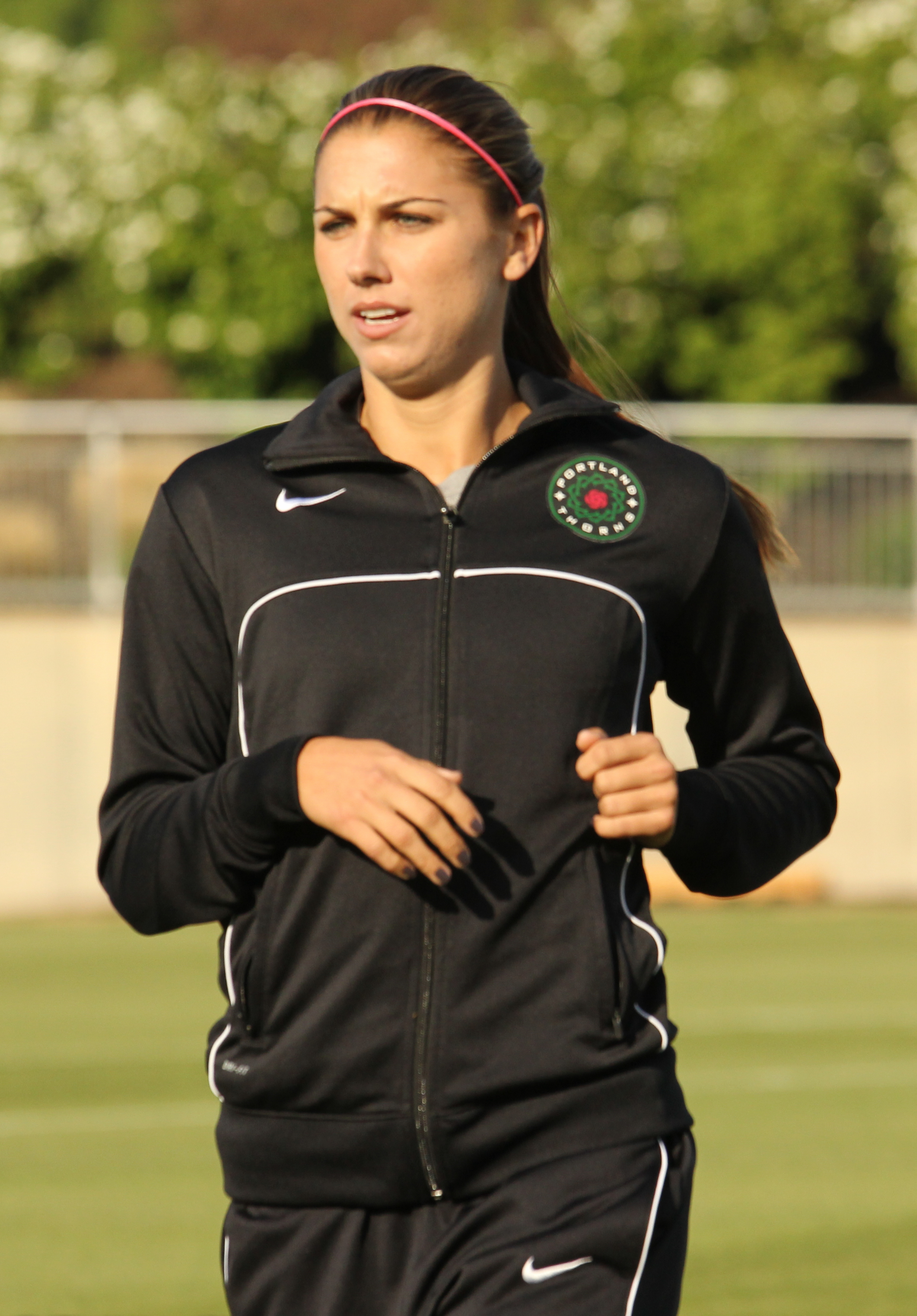 2013-05-04 Spirit - Thorns
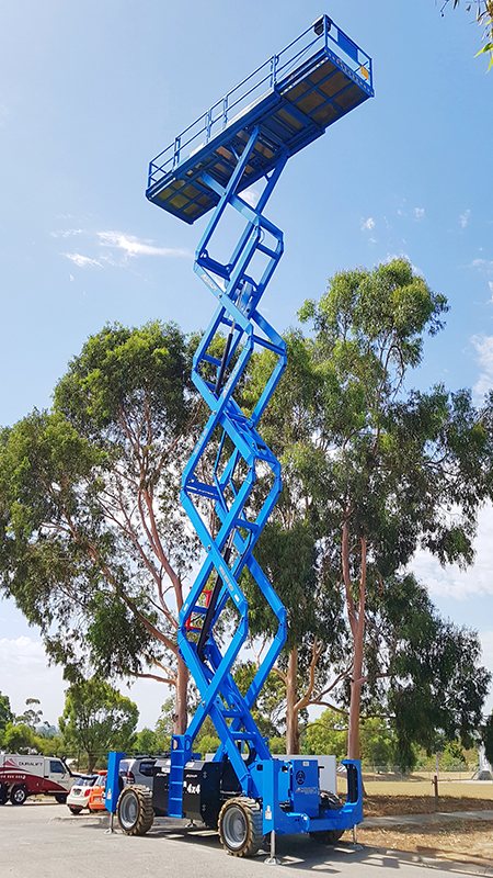 Genie 53ft Rough Terrain Scissor Lift at Duralift Access Hire in Australia
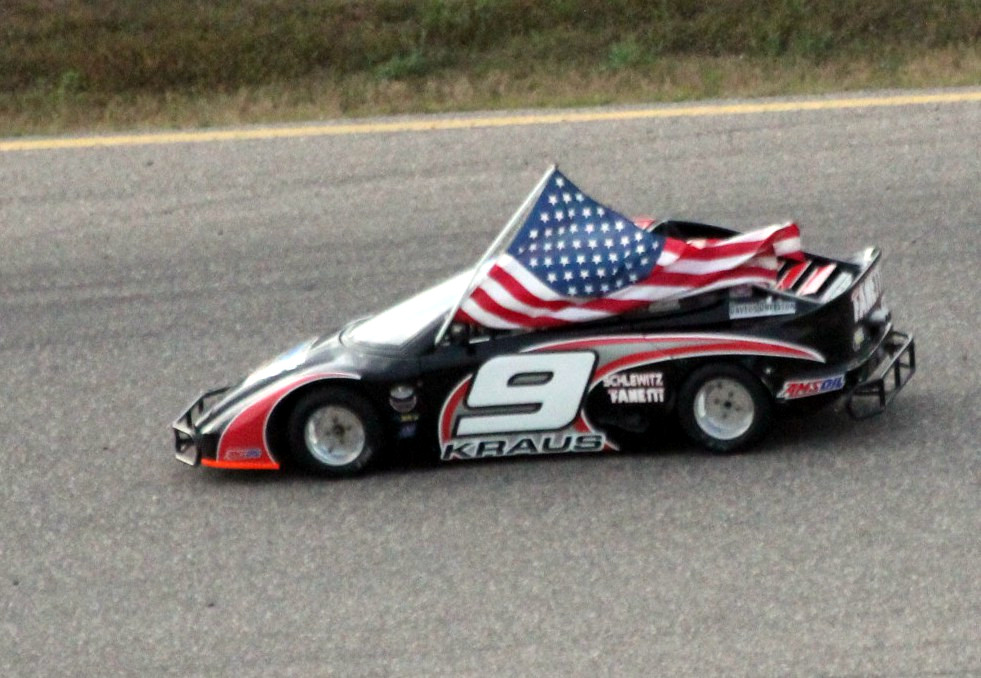 Derek Kraus' Bandolero at Golden Sand Speedway in Wisconsin.

### [PROBLEM DESCRIPTION]
Your copy must begin at the line containing "Genie 53ft Rough" and end at the last line of the material above. Reproduce each line exactly, but not the pictures.

### [WRITTEN ANSWER]
 Genie 53ft Rough Terrain Scissor Lift at Duralift Access Hire in Australia
 Derek Kraus' Bandolero at Golden Sand Speedway in Wisconsin.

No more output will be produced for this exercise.